For the reasons I have given, I would hold that paragraphs 16 to 18 of the Defence are not unarguable for lack of a legally sufficient nexus. Whether such nexus as is proved at trial will be held to be sufficient, in law as well as in fact, is a matter for the trial judge. I do not regard paragraph 18 as a separate defence but, on the basis that the agreement referred to is the 2004 distribution agreement and that the point is no more than a further aspect of the point taken at paragraphs 16 and 17, I would not regard it as fatally flawed either.

74.

The question of an adequate pleading as to appreciable effect remains to be decided. I would allow the appeal and discharge the order striking out the three paragraphs, but I would remit the Respondents’ striking out application to the Chancery Division for the outstanding pleading issue to be resolved. It may also be appropriate for the original paragraph 18 to be amended to bring it into line with the legitimate basis on which, in my judgment, it can stand, namely as a further aspect of the defence already pleaded in the previous paragraphs, and as relating to the 2004 agreement.

Lord Justice Longmore

75.

It is a well-known and rather disturbing fact that it costs far more to resolve intellectual property disputes in England than in other parts of the EEA. This case is a good example.
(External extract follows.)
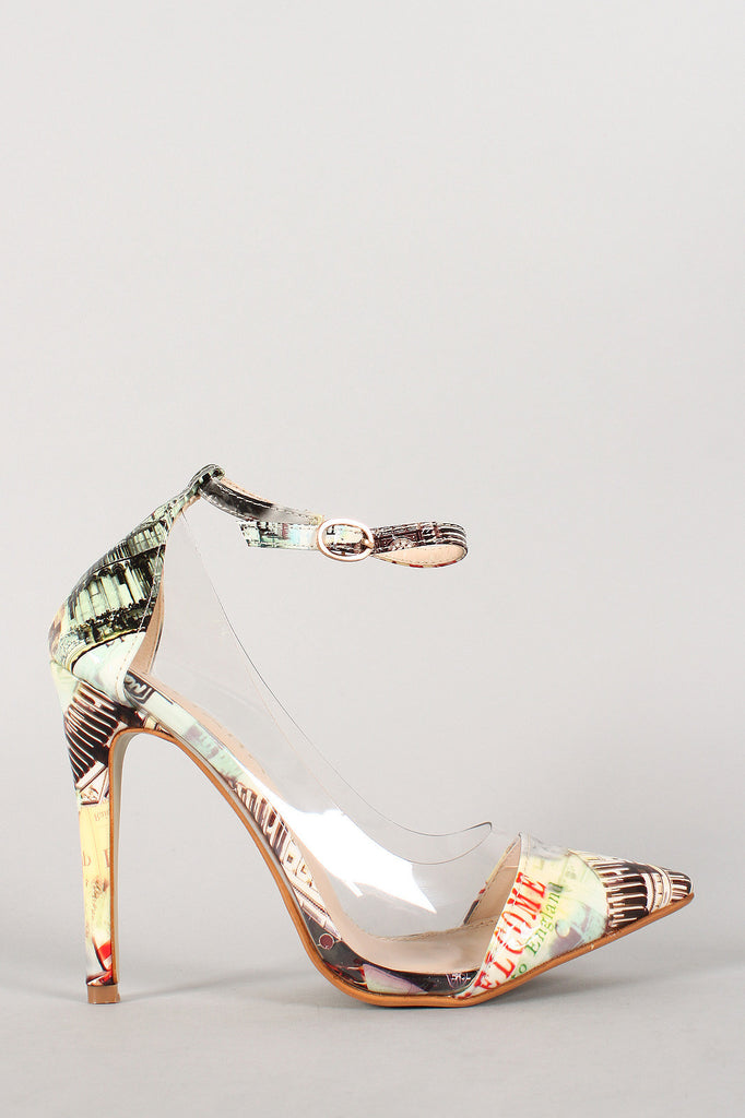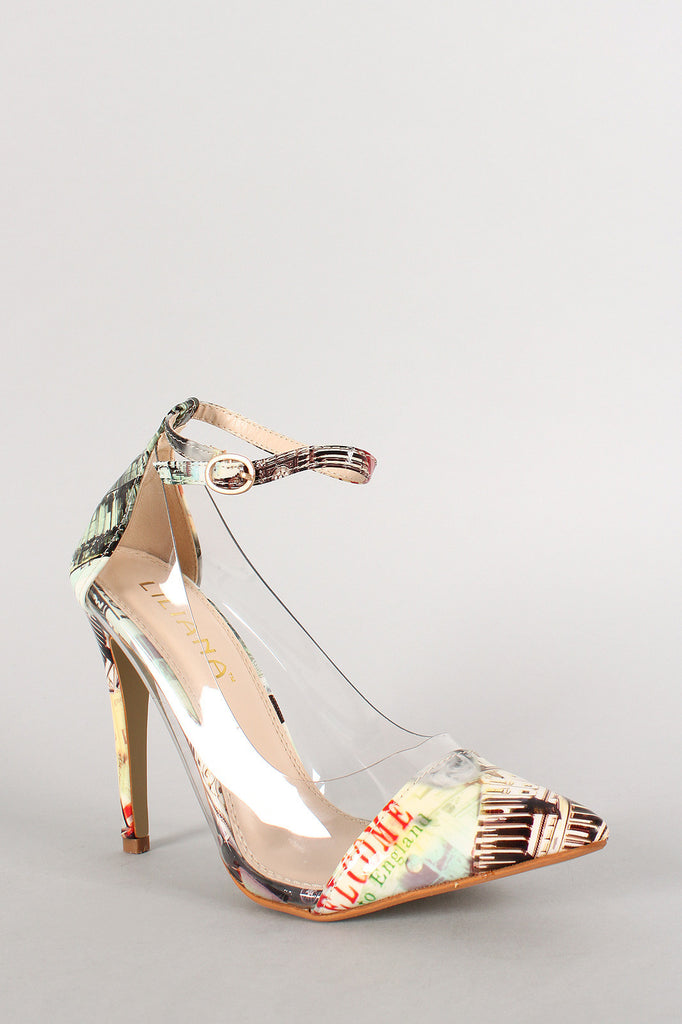 Liliana Graphic Print Lucite Pointy Toe Ankle Strap Pump

The parties have elected to spend considerable sums of money in making detailed submissions about 3 paragraphs of a pleading, before any trial of what may be called the merits of the dispute will take place. I agree with Lloyd LJ that, for the reasons he gives, this appeal must be allowed. That means that the date currently fixed for a 3 day trial will have to be vacated; this will inevitably cause further delay and further expense. That is regrettable but follows from our procedural rule that a defence, which is arguable, should not be struck out before trial.

76.

Undoubtedly it would be convenient if it were possible to hold that the Article 81 issue could only be used as a sword rather than a shield so that competition issues could not be used to muddy the waters of (here) a comparatively straightforward trade mark dispute. But convenience is not always the same as justice and I have been, a little reluctantly, persuaded by Mr Randolph’s submissions that it is arguable that European Community law does not invariably allow trade mark issues and anti-competition issues to be compartmentalised and separated from one another. It may turn out at trial that the defendant will be able to rely on section 12(2) of the Trade Marks Act 1994 to defeat the claimant’s claim but, as my Lord has said in paragraph 71 above, it is not possible to be sure that the defendant’s position will not be stronger if it can also establish a breach of Article 81. That is something which, in my view, the European case law, at any rate arguably, entitles the defendant to do.

77.

I would, therefore, allow the appeal and, agreeing with my Lord, remit the striking out application to the Chancery Division for the outstanding pleading issue to be resolved and for directions as to the further conduct of the action.

Lord Justice Waller

78.

I agree for the reasons given by Lloyd LJ that this appeal must be allowed. I also share his concerns, and those of Longmore LJ, and express the hope that sensible agreements between the parties can assist in limiting disclosure and in keeping costs within reasonable bounds.